Statistical evaluation of experimental data
The normality of all data was checked using the Shapiro-Wilk normality test. One-way analysis of variance (ANOVA) followed by Dunnett’s post-hoc test to compare the control group with the experimental groups, using IBM SPSS 22.0 and the R version 4.3.1 multcomp package 1.4 - 25. The significant threshold level was set at 95% (p < 0.05).
Results and discussion
Histopathology of Hypothenemus hampei infected by Beauveria bassiana
Before fungal infection, the external morphology of H. hampei was normal (Figure 2(A)), and no fungal population was observed in the structure of the integument (Figures 2(B) and 2(C)). Twelve h after exposure, no fungi were observed externally (Figure 2(D)). Still, the development of B. bassiana hyphae was observed in almost all adipose tissues (Figure 2(E)). In the outer integument (Figure 2(F)). The presence of hyphae dramatically increased in the host tissue from 24 to 120 h post-exposure (Figures 2(G) - 2(R)). Significant cellular alterations were observed in the integument system and adipose tissue with prominent hyphae (Figures 2(P) - 2(R)).
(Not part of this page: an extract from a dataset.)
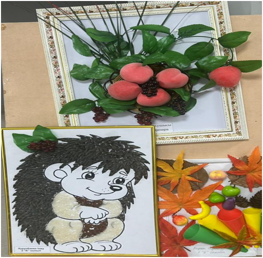 Көрмеге 1–4 сынып оқушыларының табиғи материалдардан жасалған қолөнер туындылары мен аппликациялары, сондай-ақ 5–8 сынып оқушыларының сурет және композициялық жұмыстары қойылды.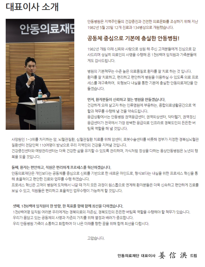 안동병원은 단순한 치료를 넘어, 환자의 삶의 질 향상과 지역 사회 건강 증진에 기여하는 것을 목표로 합니다.

Figure 2 Light microscope images of the representative abdomen position in the adult Hypothenemus hampei infected with Beauveria bassiana - (A): Adult Hypothenemus hampei without infection; (B): Normal integument structure after H and E staining; (C): Normal integument structure after Grocott’s methenamine silver stain (GMS); (D-F): At 12 h post-exposure, hyphae had started to invade the adipose tissue beneath the cuticle (E, H&E; F, GMS); (G-I): At 24 h post-exposure, hyphae were spread out in the adipose tissue (H, H&E; I, GMS); (J-L): At 48 h post-exposure, further expansion of hyphae was observed (K, H&E; L, GMS); (M): At 84 h post-exposure, prominent hyphae were observed in the external morphology (N, H&E; O, GMS); (P-R): At 120 h post-exposure (Q, H&E; R GMS). Abbreviations: Bb = Beauveria bassiana, H&E = hematoxylin and eosin, GMS = Grocott’s methenamine silver stain, Ig = integument, Th = thorax, Ad = adipose tissue, Ms = muscle, Ep = epithelium.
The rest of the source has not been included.